_WHAT TO DO_: Without the pictures, set down everything in the listing exactly.

_DATASET EXCERPT_:

◆ ◆ ◆ ◆

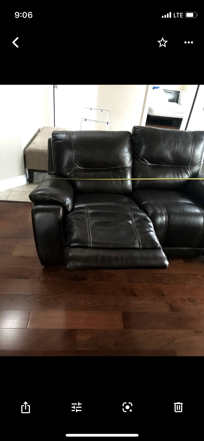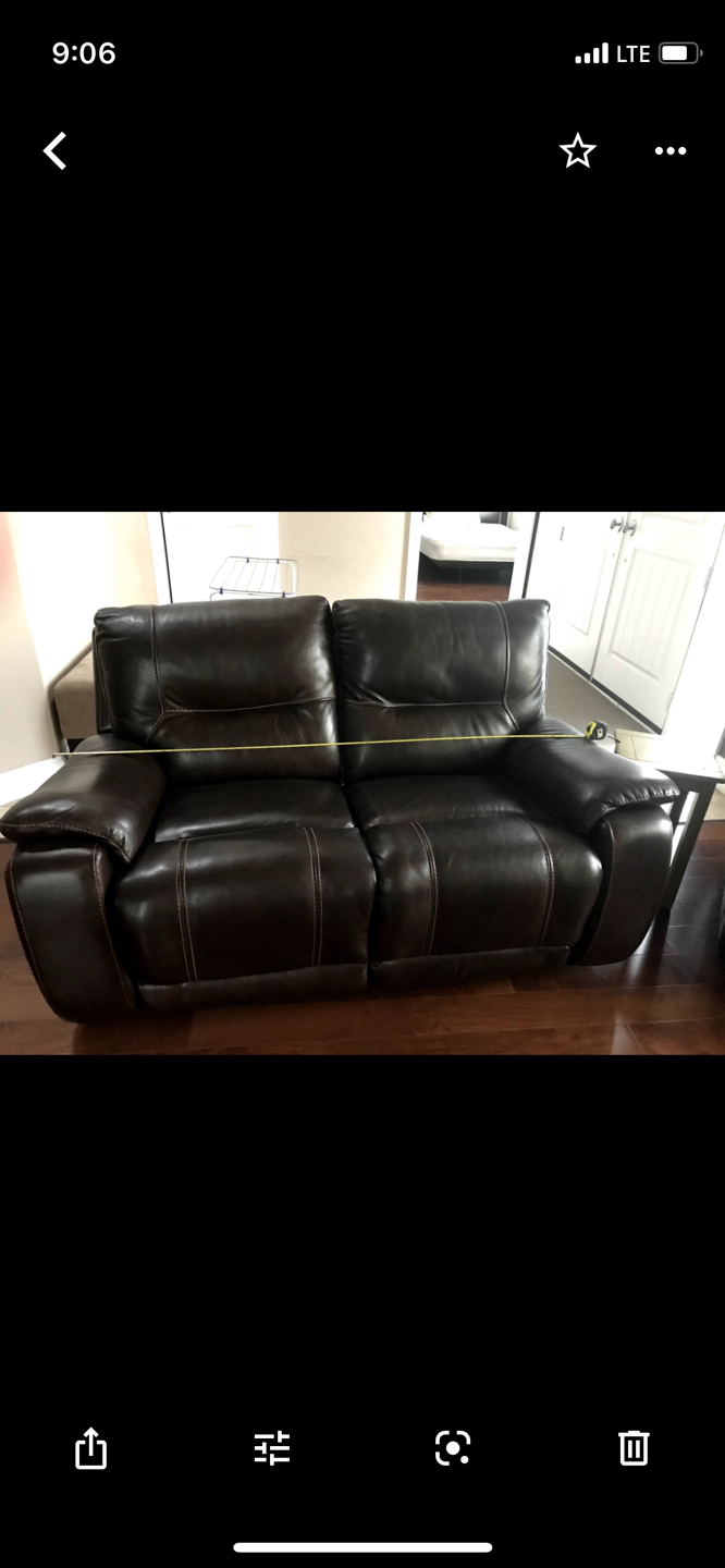 78Selling all 3 items together. 2 X Two Seater, 1 seater thick leather couches. All couches are lazy boys that allow you to Kick up your feet and extend all the way back to sleep. Excellent condition! Super heavy so you will need to have a big truck and great friends that will help move! Approx measurements: Smaller love seat Lx62” Bigger love seat Lx82” Individual seat Lx42” All seats Wx35” All seats Hx 38”
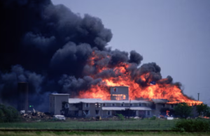 مجمع طائفة الداوديين في جبل الكرمل، خارج مدينة واكو، تكساس، احترق بالكامل خلال مداهمة مكتب الكحول والتبغ والأسلحة النارية عام ١٩٩٣. الصورة: جريجوري سميث/كوربيس عبر صور جيتي.
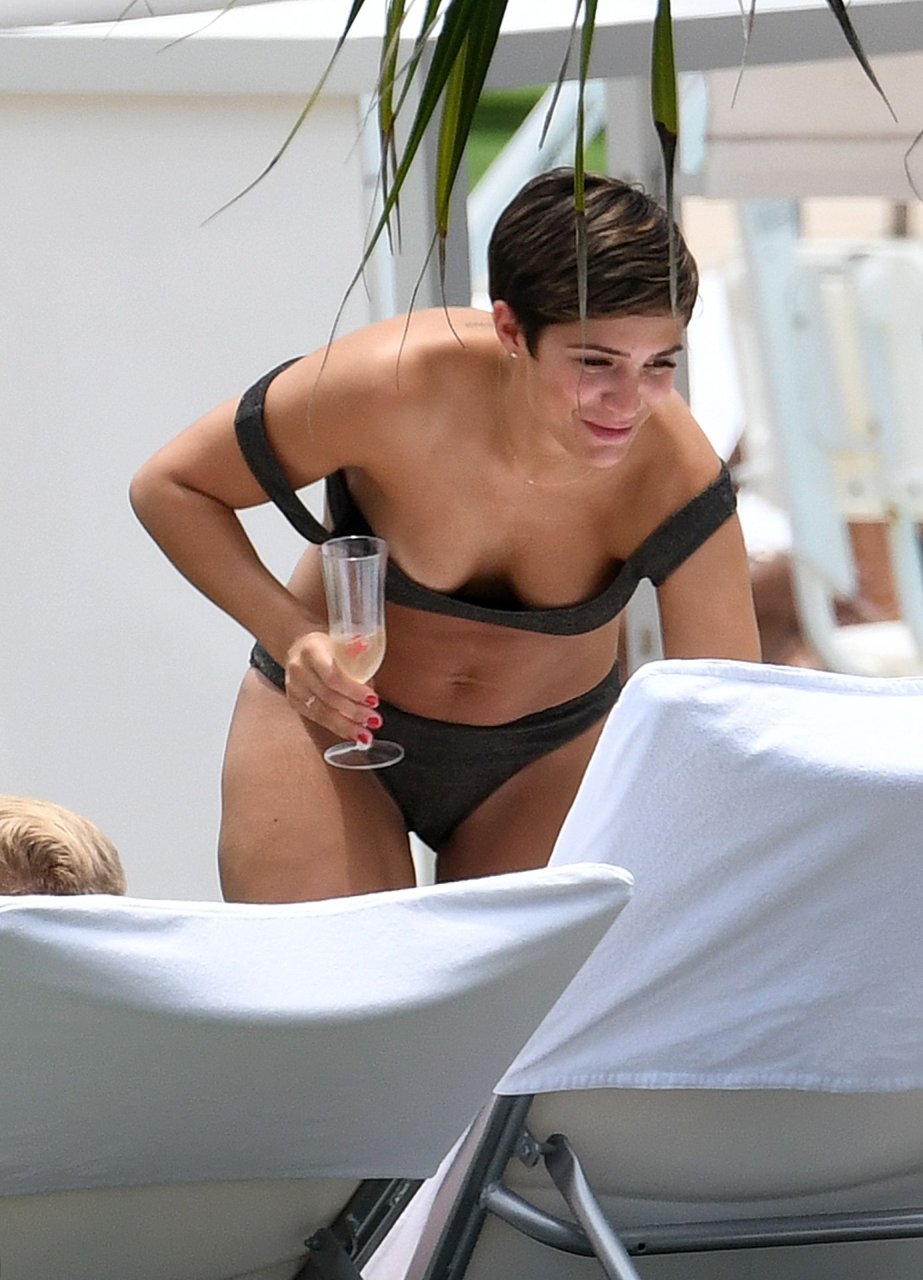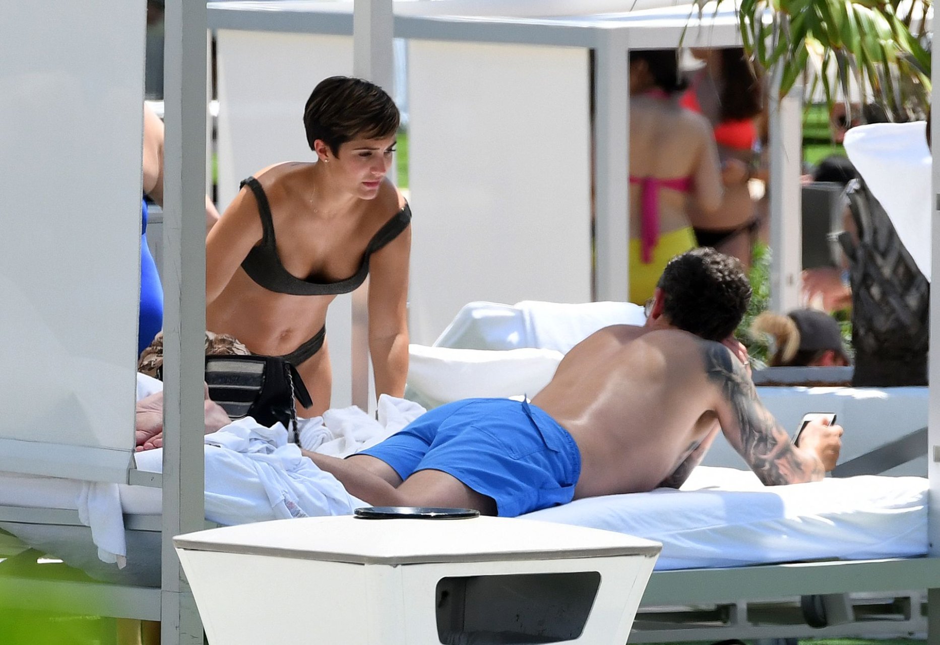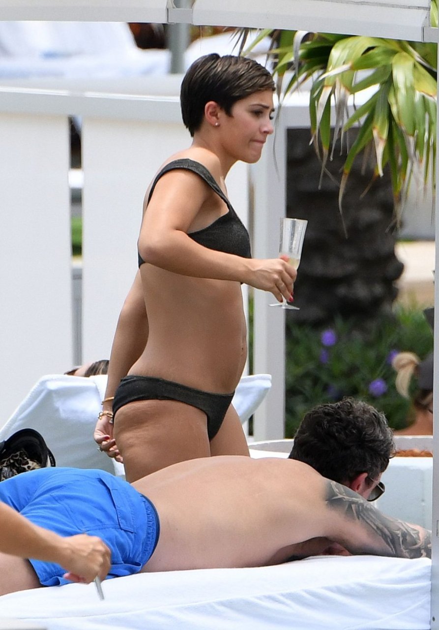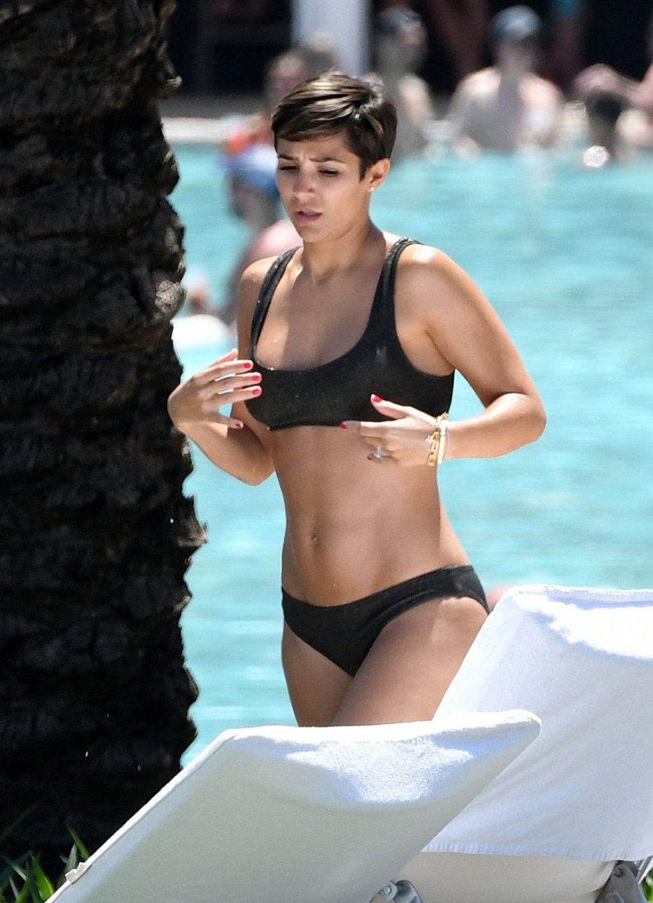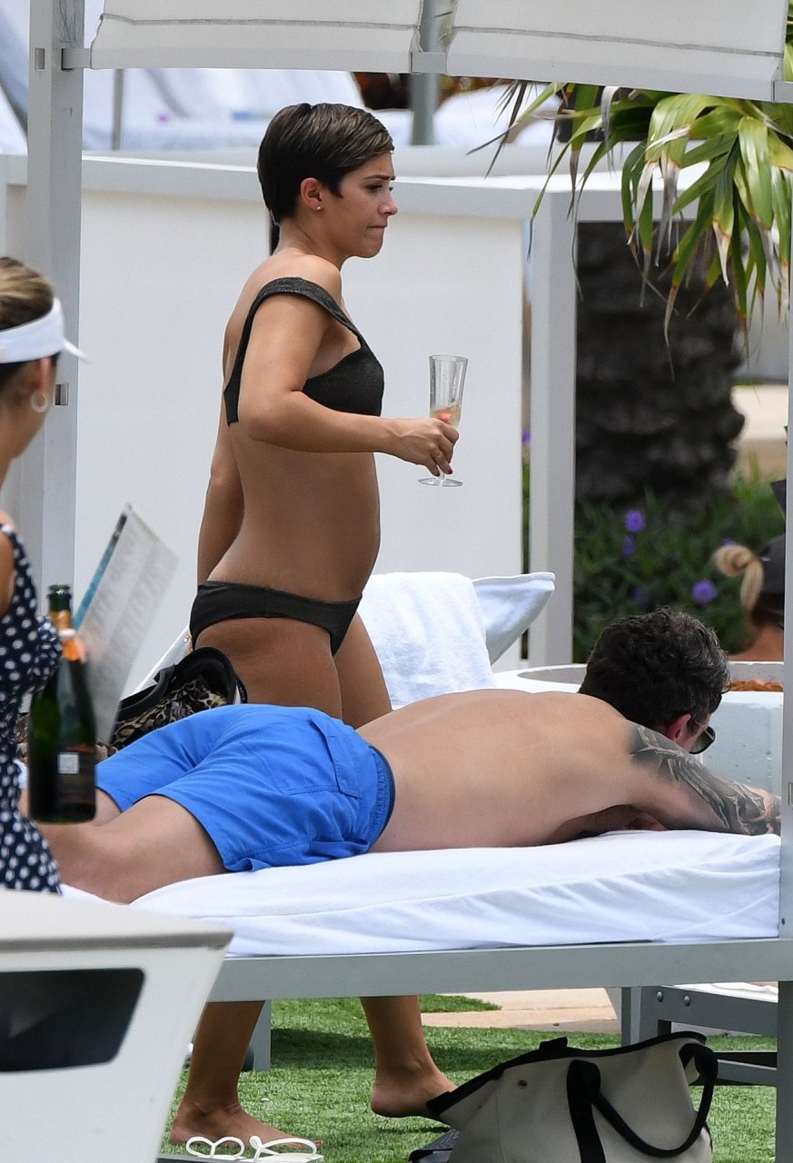Cantante y presentadora de televisión Frankie Bridge, junto con su esposo futbolista Wayne Bridge, celebra su 30 cumpleaños en bikini junto a la piscina en Miami, 17/05/2019.

◆ ◆ ◆ ◆

_REPLY TO THE TASK_:
 78Selling all 3 items together. 2 X Two Seater, 1 seater thick leather couches. All couches are lazy boys that allow you to Kick up your feet and extend all the way back to sleep. Excellent condition! Super heavy so you will need to have a big truck and great friends that will help move! Approx measurements: Smaller love seat Lx62” Bigger love seat Lx82” Individual seat Lx42” All seats Wx35” All seats Hx 38”
 مجمع طائفة الداوديين في جبل الكرمل، خارج مدينة واكو، تكساس، احترق بالكامل خلال مداهمة مكتب الكحول والتبغ والأسلحة النارية عام ١٩٩٣. الصورة: جريجوري سميث/كوربيس عبر صور جيتي.
Cantante y presentadora de televisión Frankie Bridge, junto con su esposo futbolista Wayne Bridge, celebra su 30 cumpleaños en bikini junto a la piscina en Miami, 17/05/2019.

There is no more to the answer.